**WHAT IS NEEDED**
Quote, word for word, the line containing "Large Bone Handle" and all lines that follow it to the end of the records, with no pictures.

**DATA EXTRACT**

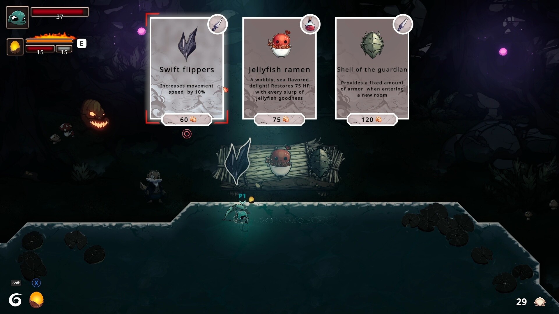 In Umigame, you are a battle-hardened sea turtle on a perilous mission—defeat the witch Maeve and free the Haunted Swamp from her curse. Fight through relentless enemies, adapt to ever-changing challenges, and grow stronger with every run in this fast-paced roguelite.
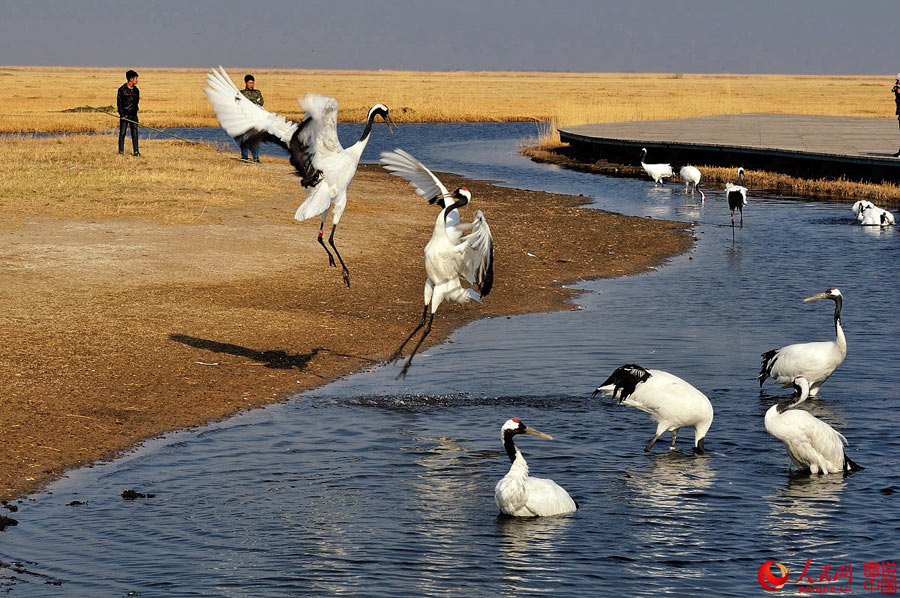 The red-crowned crane is a beautiful and precious bird. According to statistics, by the end of 2010, there were only 1,500 red-crowned cranes in the world and 1,000 of them would spend the winter in China. In Zhalong wetland in Qiqihar, northeast China’s Heilongjiang province, a nature protection area has been established to better protect the red-crowned crane. (Photo source: people.cn)
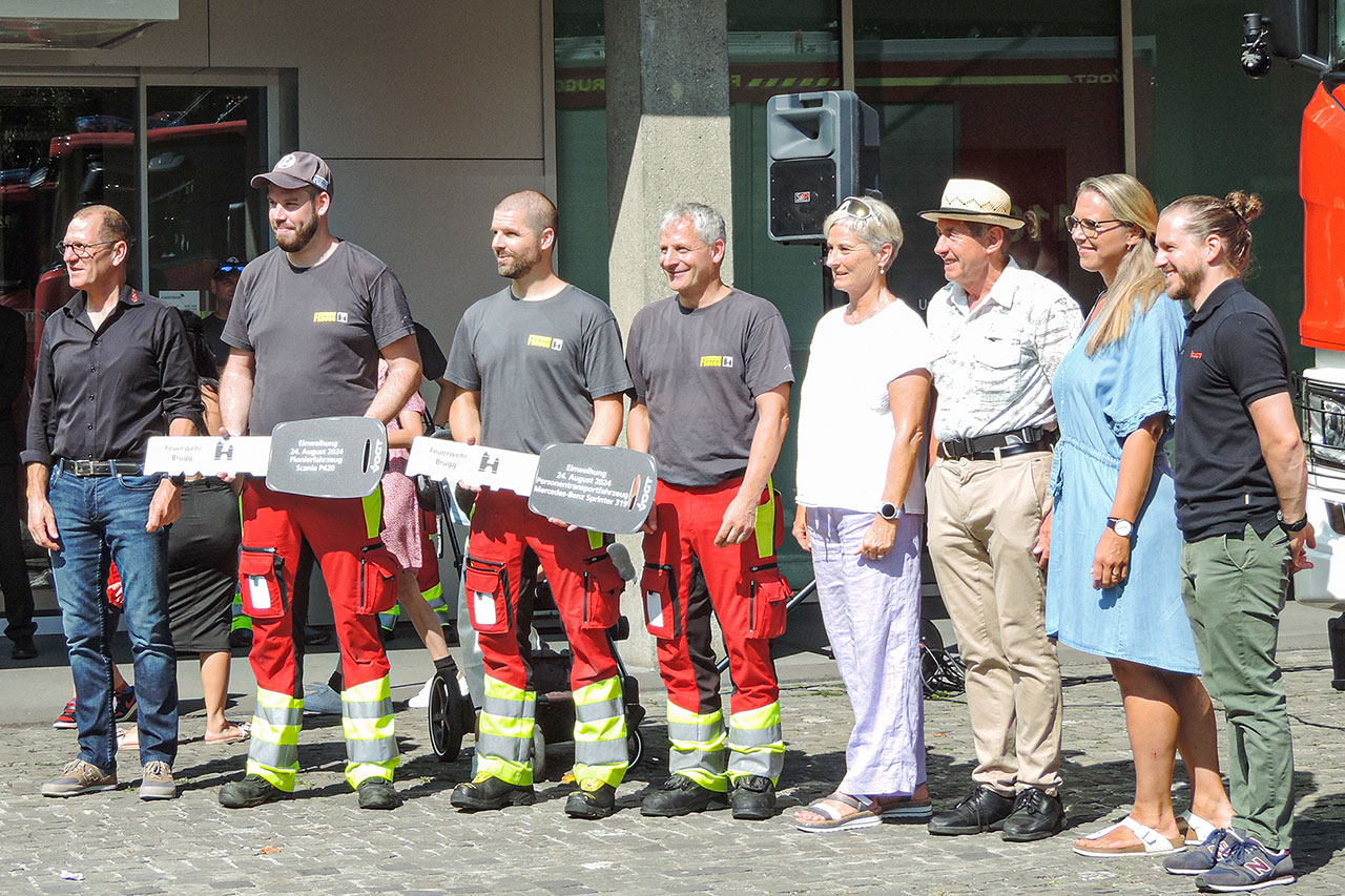 Es ist selten, dass eine Feuerwehr gleich drei neue Fahrzeuge in Betrieb nimmt. Damit steigt der Fahrzeugbestand auf 16 Einheiten. Weil ein Fahrzeug in nächster Zeit altershalber ausgemustert wird, verbleiben immer noch deren 15. Vor einer grossen Zahl an Zuschauenden auf dem Vorplatz der ehemaligen Credit Suisse erklärte der Kommandant Manuel Keller, dass ein Wechsel vom zentralen Fahrzeugstandort zu dezentralen Standorten vollzogen werde. Je ein Tanklöschfahrzeug und ein Personentransportfahrzeug, das mit Einsatzmodulen bestückt werden kann, werden in den Magazinen in Schinznach-Bad und in Umiken stationiert. Bei einem Alarm können die dort wohnhaften Angehörigen der Feuerwehr mit Transportmitteln zum Schadenplatz ausrücken. Je nach Grösse des Ereignisses kann in Brugg stationiertes Einsatzmaterial angefordert werden.
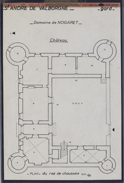 Nogaret était fief noble et seigneurie dépendant du comte d'Alès. La première mention remonte au 13e siècle. Le château développe aujourd'hui, autour d'une cour, un quadrilatère renforcé aux quatre angles principaux par une tour. Le corps principal nord est percé d'un passage qui mène de la cour au parc, et comprend deux ailes en retour. La cour est fermée au sud par un haut mur dans lequel s'ouvre une porte charretière. L'aile ouest présente deux baies dont l'encadrement permet de donner une datation stylistique approximative et de faire de ce corps de bâtiment le noyau primitif bâti à la fin du 15e ou au début du 16e siècle. Les autres encadrements ne peuvent remonter au delà du 17e siècle. Les aménagements défensifs (plan d'ensemble fermé, tours d'angles pourvues de canonnières, entrées aménagées de façon défensive) datent de la période des guerres de Religion. Le dernier aménagement, en temps de paix, a vu l'ouverture de nombreuses baies aux étages et l'écrêtage des tours. A l'intérieur, plafonds à la française, parquets, gypseries rappellent l'appartenance des propriétaires à l'aristocratie huguenote.
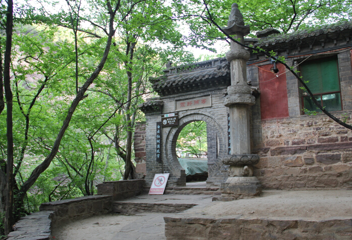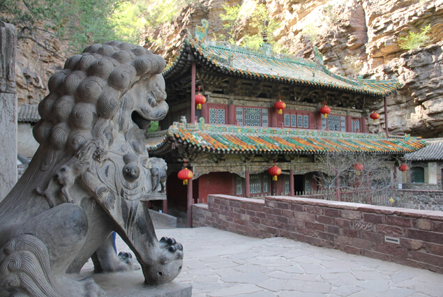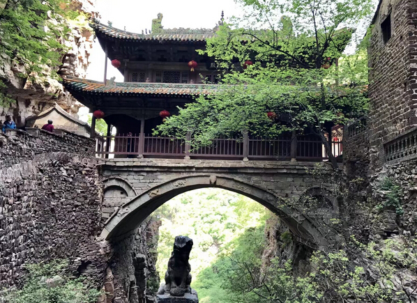 一絕“橋樓殿”。橋凌駕于百仞峭壁之間,仰視藍天一線,俯首萬丈深淵。形制如同趙州橋敞肩拱式。橋上建樓,云飛樓動,樓內建殿,殿內三尊大佛。真是“千丈虹橋望入微,天光云彩共樓飛”,不是仙境勝似仙境,疑是天堂落塵?!,F為中國三大懸空寺之一。
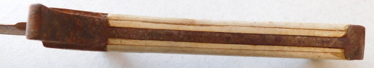 Large Bone Handle Bowie from 1860's. This item measures 18 x 3 3/4 inches and is made of steel, brass and bone. It was found in abandoned farm house in Eastern Missouri. The Bowie is marked DUFILHO, New Orleans. There is lots of rust. Shipping: $30.00
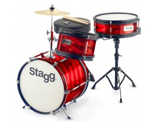 Sada dětských bubnů, 3-dílná včetně stoličky a paliček. Skladá se z 12" velkého bubnu, 10" malého bubnu, 8" přechodu a 8" činelu. Součástí jsou stojany, šlapka k velkému bubnu, stolička, pár paliček a ladicí klíč. Barva modrá/červená stínovaná.
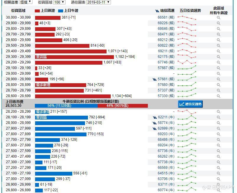 智通财经APP获悉,截至3月11日,恒指最新的牛熊街货比例56:44。从瑞信恒指牛熊证街货分布图中得到的数据显示,熊证街货重货区在29300-29399区间,该区间最新熊证数量为1182张,较上一交易日增加184张;最多新增区间在28800-28899区间。牛证街货重货区在28100-28199区间,该区间最新牛证数量为792张,比上一交易日减少9948张;最多新增也在28200-28299区间。
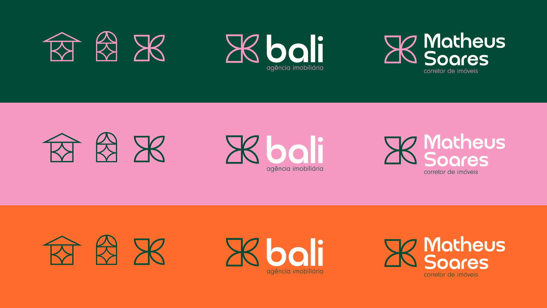 Identidade visual desenvolvida para o corretor Matheus Soares e agência imobiliária Bali.

**ANSWER BOX**
 Large Bone Handle Bowie from 1860's. This item measures 18 x 3 3/4 inches and is made of steel, brass and bone. It was found in abandoned farm house in Eastern Missouri. The Bowie is marked DUFILHO, New Orleans. There is lots of rust. Shipping: $30.00
 Sada dětských bubnů, 3-dílná včetně stoličky a paliček. Skladá se z 12" velkého bubnu, 10" malého bubnu, 8" přechodu a 8" činelu. Součástí jsou stojany, šlapka k velkému bubnu, stolička, pár paliček a ladicí klíč. Barva modrá/červená stínovaná.
 智通财经APP获悉,截至3月11日,恒指最新的牛熊街货比例56:44。从瑞信恒指牛熊证街货分布图中得到的数据显示,熊证街货重货区在29300-29399区间,该区间最新熊证数量为1182张,较上一交易日增加184张;最多新增区间在28800-28899区间。牛证街货重货区在28100-28199区间,该区间最新牛证数量为792张,比上一交易日减少9948张;最多新增也在28200-28299区间。
 Identidade visual desenvolvida para o corretor Matheus Soares e agência imobiliária Bali.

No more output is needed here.